Paprika has been around for years, and for good reason. It does one thing well: it lets you save, organize, and scale recipes. You clip a recipe from a website, it pulls in the ingredients and instructions, and you’ve got a tidy digital cookbook. If you want a reliable place to store recipes, Paprika is a solid choice.
Where Paprika works
Paprika is built for the organized cook. The person who clips recipes, sorts them into folders, plans meals on a calendar, and builds grocery lists. It’s a digital recipe box — clean, functional, and offline-capable. For collecting and retrieving recipes, it does the job.
If what you need is a place to keep your recipes organized, Paprika handles that well.
Where the gap is
The challenge comes when you actually cook. Recipes in Paprika are static — they’re the same every time you open them. If you made the dish last week and realized it needed less salt, there’s no natural way to fold that learning back in. You can edit the recipe manually, but most people don’t. The recipe stays frozen at the version you first saved it.
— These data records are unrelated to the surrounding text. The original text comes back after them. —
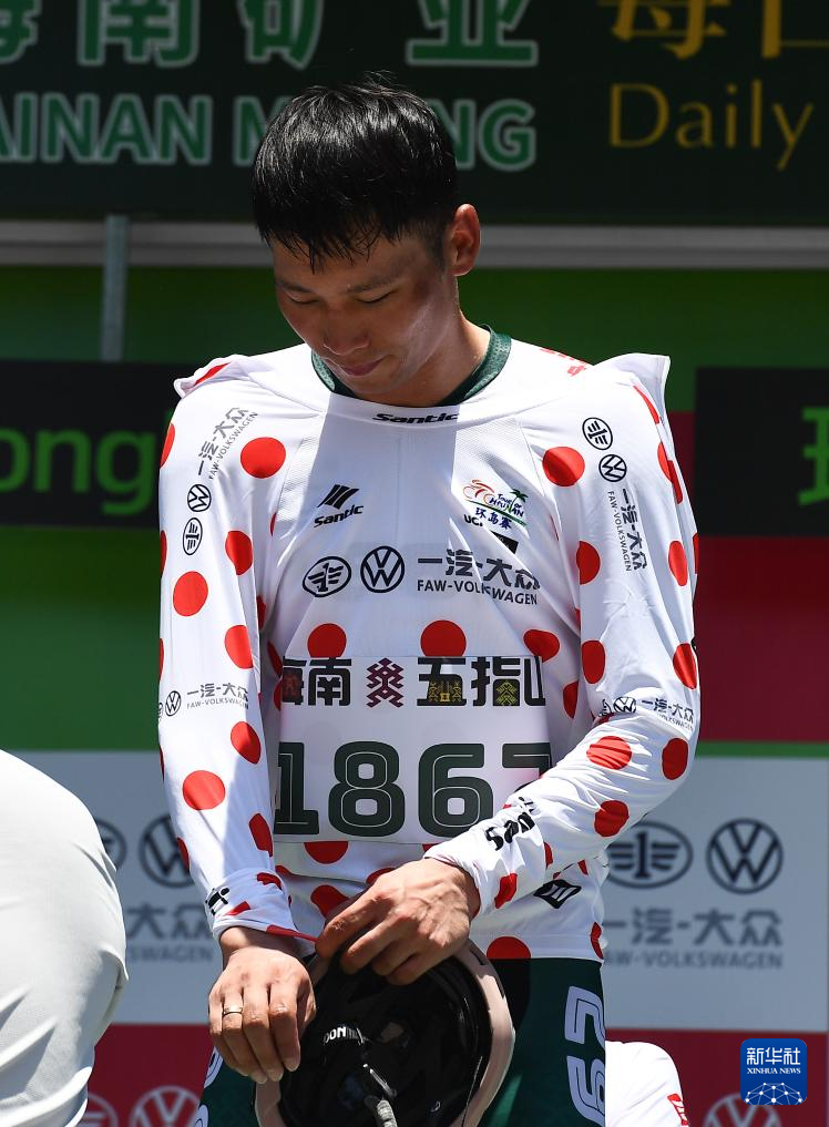 8月27日,五指山1867车队车手薛超华获得代表爬坡总积分第一名的圆点衫。新华社记者 杨冠宇 摄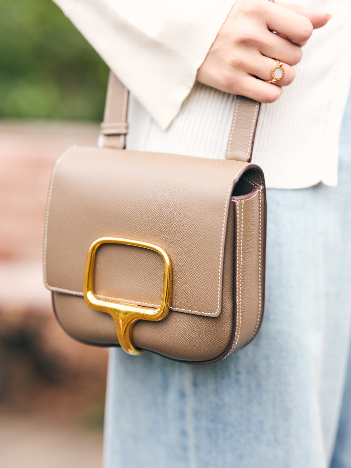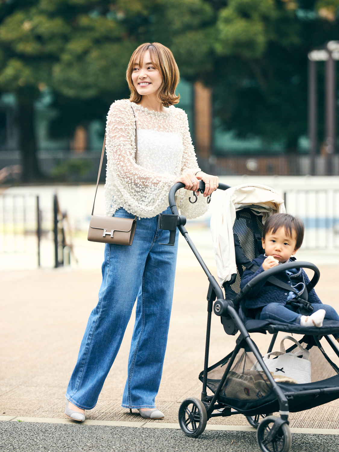 「コンスタンスのトゥー・ゴーはお財布機能付きのショルダーで、身軽に出かけられるコンパクトさと、子どもと一緒でも両手が空くのが魅力。クラッチとして和装に合わせることも。デニムのブルーとトップスのホワイトにエトゥープを合わせ、全体を柔らかいイメージでまとめました。カジュアルな日にカチッとしたバッグを合わせると、ラフに見えず上品にまとまります」小野星奈さん/会社員(育休中)・167㎝(2歳と1歳の男の子ママ)
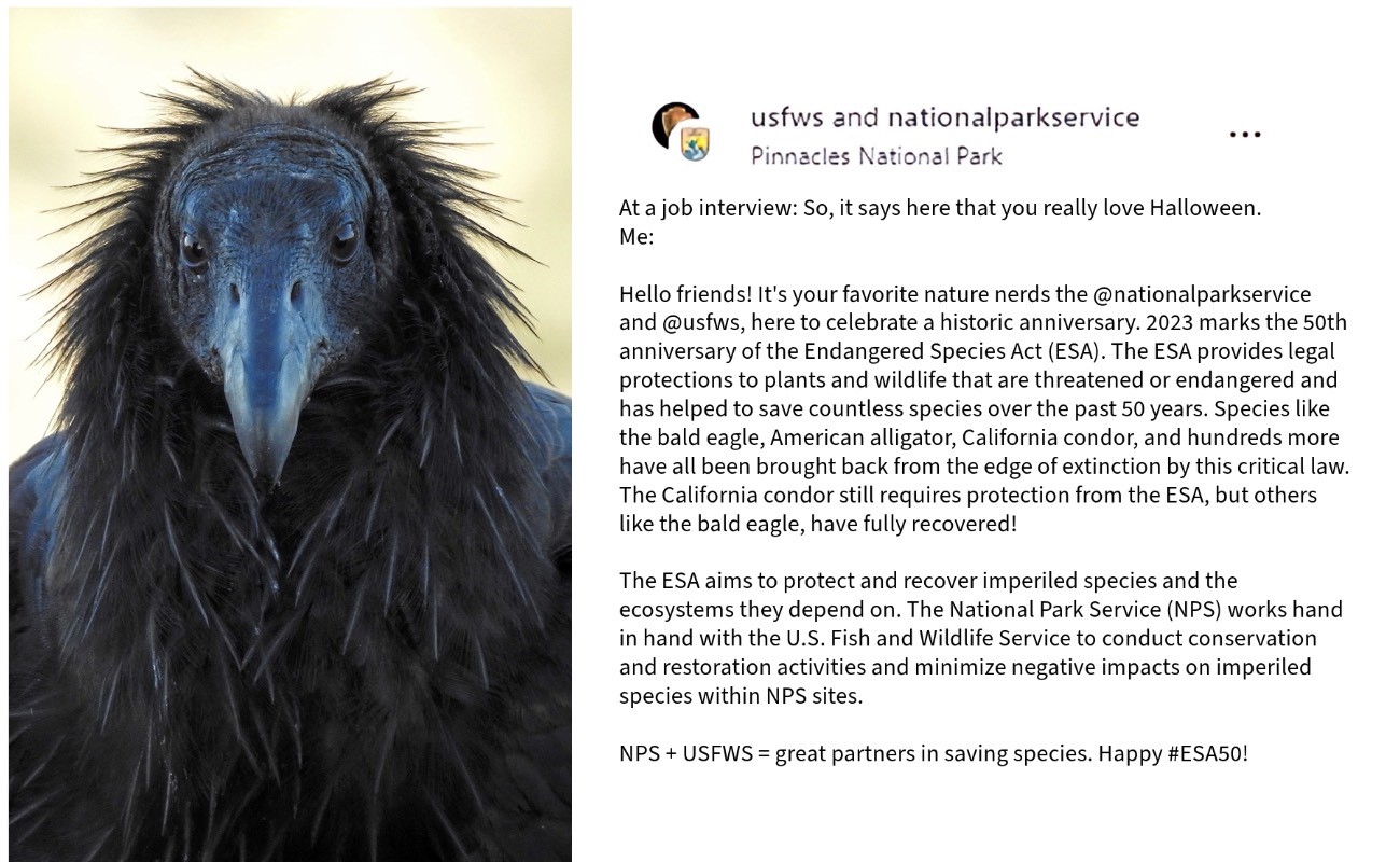 Hello friends! It's your favorite nature nerds the @nationalparkservice and @usfws, here to celebrate a historic anniversary. 2023 marks the 50th anniversary of the Endangered Species Act (ESA). The ESA provides legal protections to plants and wildlife that are threatened or endangered and has helped to save countless species over the past 50 years. Species like the bald eagle, American alligator, California condor, and hundreds more have all been brought back from the edge of extinction by this critical law. The California condor still requires protection from the ESA, but others like the bald eagle, have fully recovered!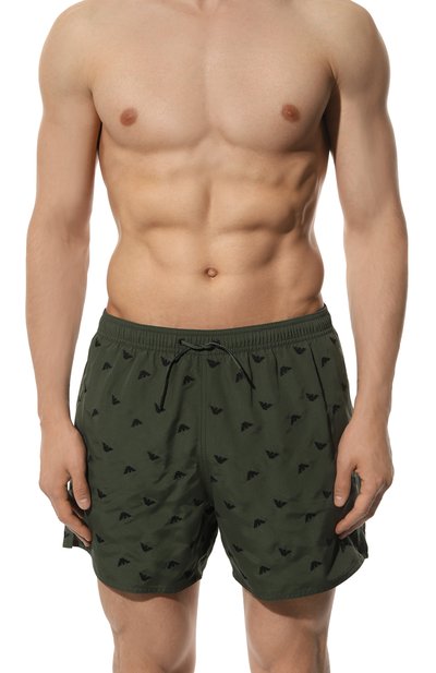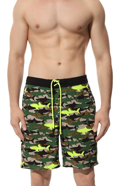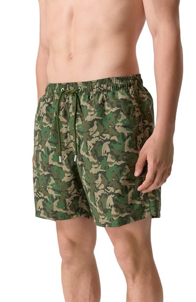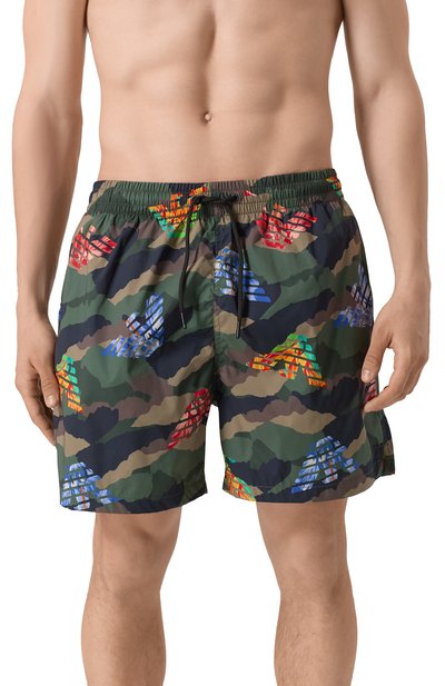 Плавки-шорты с подкладкой из стрейчевой сетки выполнили из нейлона с камуфляжным узором. Спереди модель украсили брендированной нашивкой и эмблемой, вдохновленной символикой ВВС Италии. Под эластичным поясом-кулиской сзади и на одном из трех карманов, который дополнили этикеткой, разместили люверсы.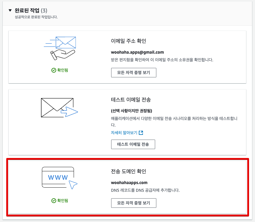 2024년 10월 30일 14:54 에 Amazon SES 페이지에 다시 들어가봤더니 완료된 작업 내역에 전송 도메인 확인 항목이 들어가 있었다.

There’s no way to ask a question mid-cook. No way to say “I’m out of heavy cream, what can I use instead?” and get an answer that knows the recipe you’re making and what your family can eat. The recipe just sits there, waiting to be followed.
And if your household has dietary needs that don’t fit a simple checkbox — like ours, where we eat fish but not dairy or eggs — Paprika can’t adapt recipes to match. You do that adaptation in your head, every time.
What Dillr does differently
Dillr treats recipes as living documents. You can adjust them through conversation before you start cooking — change the portion size, swap an ingredient, adapt for dietary needs. While you cook, you can ask questions and get answers that account for your specific recipe and your family’s preferences. After you cook, you debrief: what worked, what to change. Those notes get folded back into the recipe, so next time you start from a better place.
Dillr also maintains a persistent memory of your family — who eats what, what you’ve cooked before, what worked and what didn’t. Over time, suggestions get more personal because the context is always growing.
It’s not a better recipe box. It’s a different kind of tool — one that cooks with you rather than just storing instructions.
That’s what we’re building at Dillr.